Самоотречение в его стиле вызвало бы в то время у Толстого только презрение. Позднее Толстой пришел к своему варианту самоотречения, обрушился на похоть и блуд и призвал искать спасения в крестьянской простоте. Путного ничего не вышло — он был иначе устроен. Кто-то может обвинить его в обмане, в том, что его самоотречение было фальшивым; но скорее всего он просто не смог. Его плоть противилась самоотречению. Тридцать лет спустя он умер на железнодорожной станции. Его последние слова были вовсе не «…звонок раздался — и ciao! — как говорят италиянцы». Завидовал ли преуспевший в самоотречении тому, кто не преуспел? Есть порода бывших курильщиков, которые отказываются от предложенной сигареты, но говорят: «Дымите в мою сторону».

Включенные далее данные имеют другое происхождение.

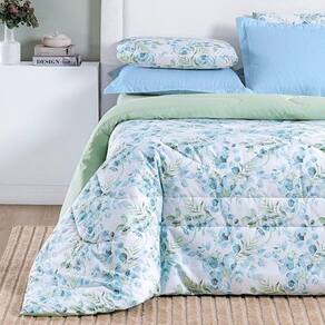 Tecido: Percale 80% Algodão - 20% Poliéster, garante maciez, respirabilidade e durabilidade.Acolchoado: Edredom todo acolchoado, proporcionando maciez e fofura incomparáveis.Matelado: Detalhes em matelado que conferem um design sofisticado e elegante.
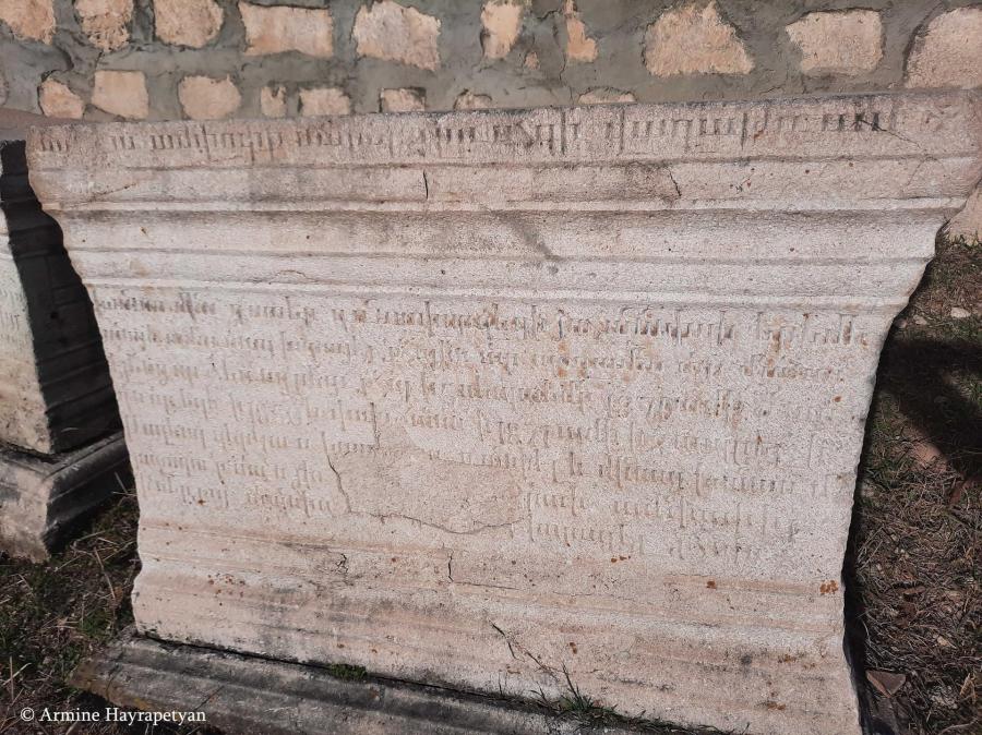 (Within this tomb are interred the remains of Khanum, of blessed memory, prematurely departed, daughter of Yohannis Eremeantsʻ of Dṛnavarz, and of her husband, Priest Israyēl (Israyēl kʻahanay), Tēr Poghos of the Tēr Manuēleantsʻ, who was ordained priest on September 5, 1870. He was born in 1850 and passed away on April 8, 1871, leaving two children, Daniēl and Mina Khanum. By the grace of God, ... Priest Israēl is likewise laid to rest beneath this tomb.)

Она разъезжала; работала; жила с мужем. Он попросил ее прислать гипсовый слепок со своей руки. Он много раз целовал подлинную руку; почти в каждом письме целовал воздушный ее образ. Теперь он мог прильнуть губами к гипсовому подобию. Что же, гипс менее бесплотен, чем воздух? Или он хотел претворить свою любовь и ее плоть в памятник? Его просьба может вызвать ироническую улыбку: уж если снимать слепок, то с руки писателя, которая вывела бессмертные строки, и обычно это делается после его кончины.